§ Work order:
Copy the lines below exactly, starting at the one with "宋代??v30.2厘米,橫3" and ending at the one with "Erzurum’da etkili olan", and leave out any picture.

§ Source records:
++++++++++

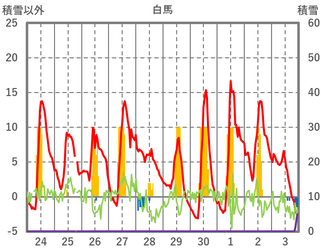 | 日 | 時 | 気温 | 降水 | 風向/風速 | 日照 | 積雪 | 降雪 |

++++++++++

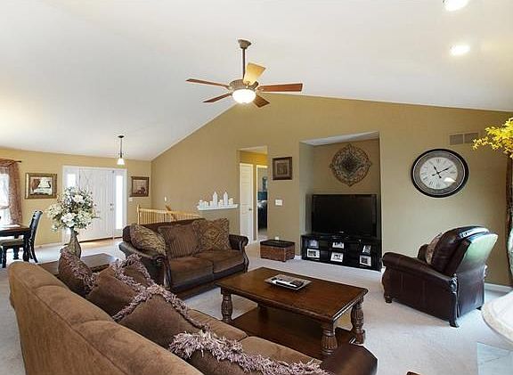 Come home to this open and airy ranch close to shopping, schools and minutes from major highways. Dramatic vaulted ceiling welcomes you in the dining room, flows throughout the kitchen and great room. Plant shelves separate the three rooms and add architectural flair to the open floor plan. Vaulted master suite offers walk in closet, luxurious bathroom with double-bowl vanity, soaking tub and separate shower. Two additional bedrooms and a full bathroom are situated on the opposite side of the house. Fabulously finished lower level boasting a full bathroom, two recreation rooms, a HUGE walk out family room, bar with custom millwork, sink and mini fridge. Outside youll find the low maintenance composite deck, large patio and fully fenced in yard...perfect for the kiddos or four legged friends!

++++++++++

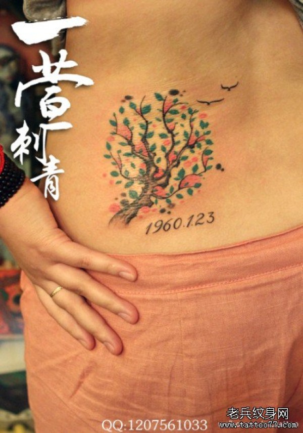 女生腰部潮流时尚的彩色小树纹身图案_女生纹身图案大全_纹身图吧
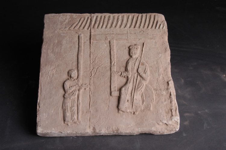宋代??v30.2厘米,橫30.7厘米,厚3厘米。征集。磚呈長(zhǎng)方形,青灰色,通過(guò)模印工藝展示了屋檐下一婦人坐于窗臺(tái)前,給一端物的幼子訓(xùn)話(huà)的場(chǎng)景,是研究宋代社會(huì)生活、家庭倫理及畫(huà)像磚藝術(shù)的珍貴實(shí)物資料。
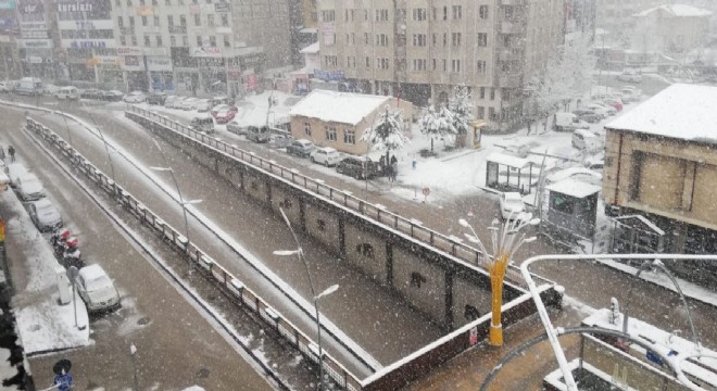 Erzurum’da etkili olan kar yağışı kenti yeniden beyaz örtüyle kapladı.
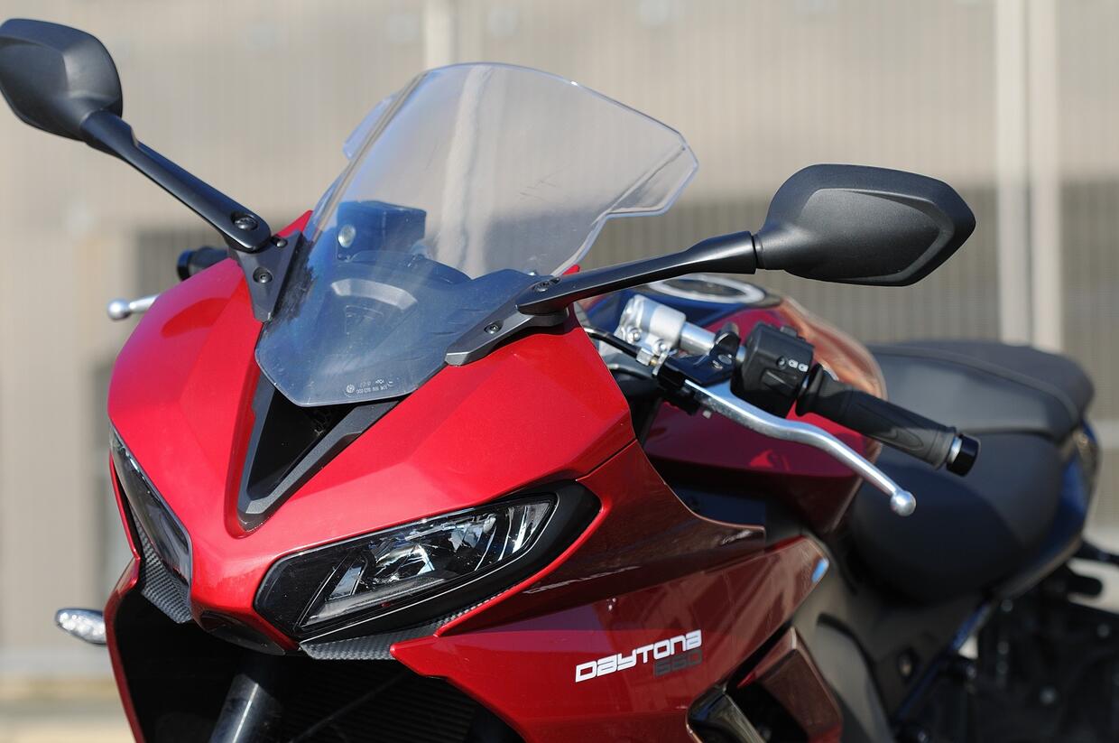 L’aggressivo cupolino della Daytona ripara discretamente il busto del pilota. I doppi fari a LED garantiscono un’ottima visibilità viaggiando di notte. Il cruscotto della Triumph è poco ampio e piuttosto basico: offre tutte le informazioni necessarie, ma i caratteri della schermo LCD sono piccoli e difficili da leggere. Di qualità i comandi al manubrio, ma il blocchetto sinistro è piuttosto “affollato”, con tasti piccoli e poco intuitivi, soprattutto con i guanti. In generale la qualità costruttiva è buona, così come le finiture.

++++++++++

§ Answer box:
宋代??v30.2厘米,橫30.7厘米,厚3厘米。征集。磚呈長(zhǎng)方形,青灰色,通過(guò)模印工藝展示了屋檐下一婦人坐于窗臺(tái)前,給一端物的幼子訓(xùn)話(huà)的場(chǎng)景,是研究宋代社會(huì)生活、家庭倫理及畫(huà)像磚藝術(shù)的珍貴實(shí)物資料。
 Erzurum’da etkili olan kar yağışı kenti yeniden beyaz örtüyle kapladı.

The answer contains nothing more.